2. Non-depository insurance companies and mutual funds which collect funds by selling their
policies or shares to the public and provide returns in the form periodic benefits and profit
payouts.
How Financial Institutions Work
Financial institutions serve most people in some way, as financial operations are a critical part of
any economy, with individuals and companies relying on financial institutions for transactions
and investing. Governments consider it imperative to oversee and regulate banks and financial
institutions because they do play such an integral part of the economy. Historically, bankruptcies
of financial institutions can create panic.

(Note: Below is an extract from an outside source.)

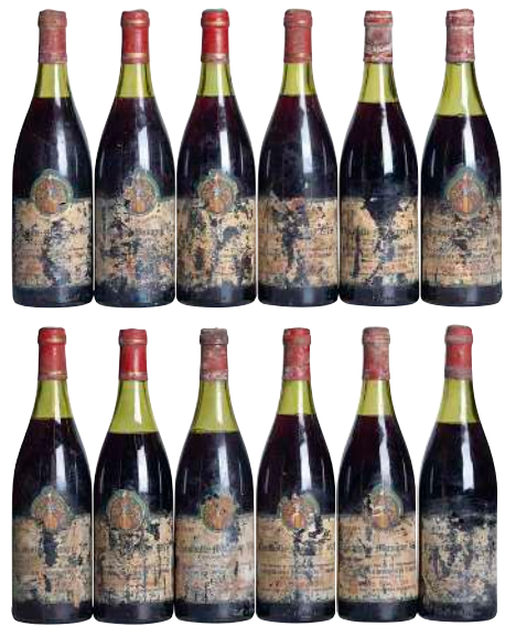
108 Chambolle Musigny 1978 (12) Grivelet Pere & Fils 35mm×7 40mm×4 50mm×1 ラベル破損大×12 ラベル汚れ大×12

Types of Financial Institutions
Financial institutions offer a wide range of products and services for individual and commercial
clients. Types of Financial Institution, that is:
Commercial Banks
A commercial bank is a type of financial institution that accepts deposits, offers checking
account services, makes business, personal, and mortgage loans, and offers basic financial
products like certificates of deposit (CDs) and savings accounts to individuals and small
businesses. Banks also act as payment agents via credit cards, wire transfers, and currency
exchange.
Investment Banks
Investment banks specialize in providing services designed to facilitate business operations, such
as capital expenditure financing and equity offerings, including initial public offerings (IPOs).
They also commonly offer brokerage services for investors, act as market makers for trading
exchanges, and manage mergers, acquisitions, and other corporate restructurings.
Insurance Companies
Insurances Companies providing insurance, whether for individuals or corporations. Protection
of assets and protection against financial risk, secured through insurance products, is an essential
service that facilitates individual and corporate investments that fuel economic growth.
Brokerage Firms
Investment companies and brokerages, such as mutual fund and exchange-traded fund (ETF)
provider Fidelity Investments, specialize in providing investment services that include wealth
management and financial advisory services. They also provide access to investment products
that may range from stocks and bonds all the way to lesser-known alternative investments, such
as hedge funds and private equity investments.